This function generates a list of adjacency matrices representing brain networks belonging to the same category (e.g., Control group). The generated graphs have similar community structures but vary slightly in their intra-community and inter-community connection probabilities to reflect natural variability.

Usage

generate_category_graphs(
  n_graphs = 10,
  n_nodes = 100,
  n_communities = 4,
  community_sizes = NULL,
  base_intra_prob = 0.8,
  base_inter_prob = 0.2,
  intra_prob_variation = 0.05,
  inter_prob_variation = 0.05,
  seed = NULL
)

Arguments

n_graphs

An integer specifying the number of graphs to generate. Default is 10.

n_nodes

An integer specifying the total number of nodes (brain regions). Default is 100.

n_communities

An integer specifying the number of communities. Default is 4.

community_sizes

An integer vector specifying the sizes of each community. If NULL, communities are of equal size. Default is NULL.

base_intra_prob

A numeric value between 0 and 1, or a numeric vector of length n_communities, specifying the base probability of an edge existing between nodes within the same community. If a vector, each element sets the base probability for the corresponding community. Default is 0.8.

base_inter_prob

A numeric value between 0 and 1 specifying the base probability of an edge existing between nodes from different communities. Default is 0.2.

intra_prob_variation

A numeric value specifying the maximum variation to apply to the intra-community probability for each graph. Default is 0.05.

inter_prob_variation

A numeric value specifying the maximum variation to apply to the inter-community probability for each graph. Default is 0.05.

seed

An optional integer for setting the random seed to ensure reproducibility. Default is NULL.

Value

A list of symmetric binary adjacency matrices with no self-loops, representing brain networks with similar community structures.

Examples

# Generate a set of 5 graphs for the Control category
control_graphs <- generate_category_graphs(n_graphs = 5, n_nodes = 100, n_communities = 4,
                                           base_intra_prob = 0.8, base_inter_prob = 0.2)

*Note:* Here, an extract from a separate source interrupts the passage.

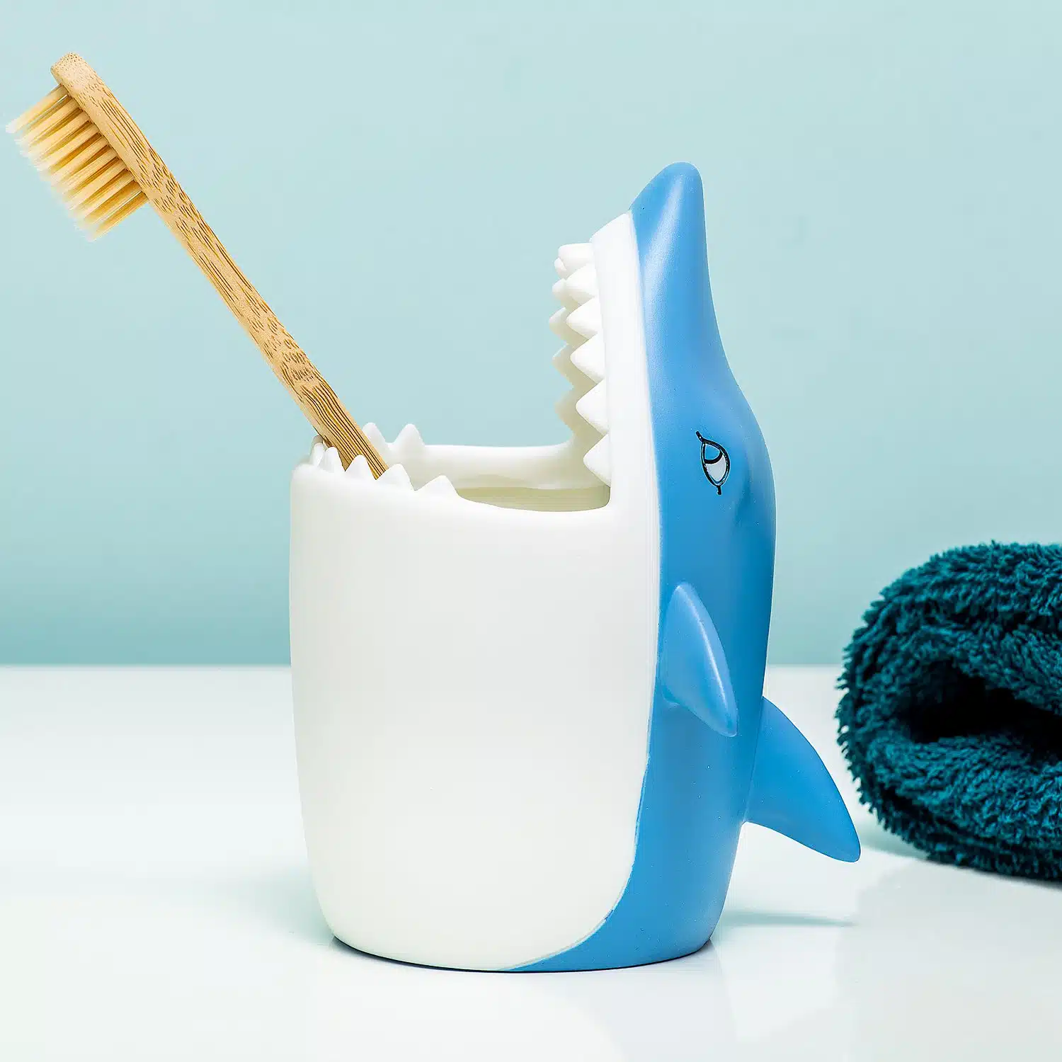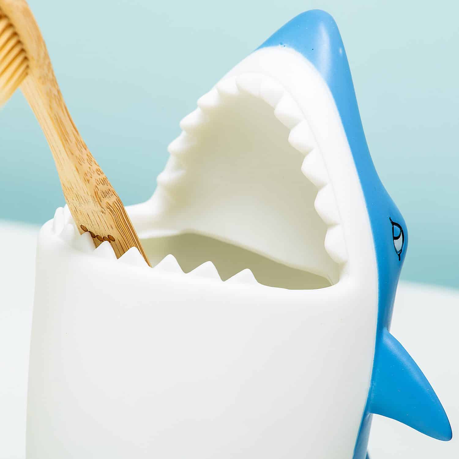 Is het elke avond een uitdaging om je kind zijn tanden te laten poetsen? Of heb je gewoon een plekje nodig voor rondslingerende tandpastatubes? De Haai tandenborstelhouder van Winkee is een grappige beker in de vorm van een haai om je tandenborstel in op te bergen. De haai laat zijn blinkend witte tanden graag zien en biedt voldoende ruimte voor meerdere tandenborstels en een tube tandpasta.

Generate a Random Symmetric Adjacency Matrix with Community Structure

Description

This function generates a random symmetric adjacency matrix representing a brain network with community structure. Nodes within the same community have a higher probability of being connected compared to nodes from different communities.

Usage

generate_community_graph(
  n_nodes = 100,
  n_communities = 4,
  community_sizes = NULL,
  intra_prob = 0.8,
  inter_prob = 0.2,
  seed = NULL
)

Arguments

n_nodes

An integer specifying the total number of nodes (brain regions). Default is 100.

n_communities

An integer specifying the number of communities. Default is 4.

community_sizes

An integer vector specifying the sizes of each community. If NULL, communities are of equal size. Default is NULL.

intra_prob

A numeric value between 0 and 1, or a numeric vector of length n_communities, specifying the probability of an edge existing between nodes within the same community. If a scalar, the same probability is used for all communities. Default is 0.8.

inter_prob

A numeric value between 0 and 1 specifying the probability of an edge existing between nodes from different communities. Default is 0.2.

seed

An optional integer for setting the random seed to ensure reproducibility. Default is NULL.

Value

A symmetric binary adjacency matrix with no self-loops, representing a brain network with community structure.

Examples

# Generate a brain network with community structure
G <- generate_community_graph(n_nodes = 100, n_communities = 4, intra_prob = 0.8, inter_prob = 0.2)

Generate a Random Symmetric Adjacency Matrix

Description

This function generates a random symmetric adjacency matrix representing a brain network. The adjacency matrix is binary, with edges present based on a specified probability.

Usage

generate_random_graph(n_nodes, edge_prob = 0.1)

Arguments

n_nodes

An integer specifying the number of nodes (brain regions).

edge_prob

A numeric value between 0 and 1 specifying the probability of an edge existing between any two nodes.

Value

A symmetric binary adjacency matrix with no self-loops.

Examples

G <- generate_random_graph(n_nodes = 10, edge_prob = 0.1)

Extract Critical Nodes from Critical Edge Results

Description

Given the output of identify_critical_links, this function identifies the unique nodes involved in the critical edges and summarizes their participation. Each node is reported with the number of critical edges it participates in (its critical degree). If node labels are supplied, they are included in the output.

Usage

get_critical_nodes(result, node_labels = NULL)

Arguments

result

The list returned by identify_critical_links. Must contain a critical_edges component (a data frame with columns node1 and node2, or NULL).

node_labels

An optional character vector of length p (the number of nodes in the network), where node_labels[i] is the label for node i. If NULL (the default), no labels are included.

Value

A data frame with the following columns, ordered by decreasing critical_degree:

node: Integer node index.
label: Character label for the node (only present when node_labels is not NULL).
critical_degree: Number of critical edges incident on this node.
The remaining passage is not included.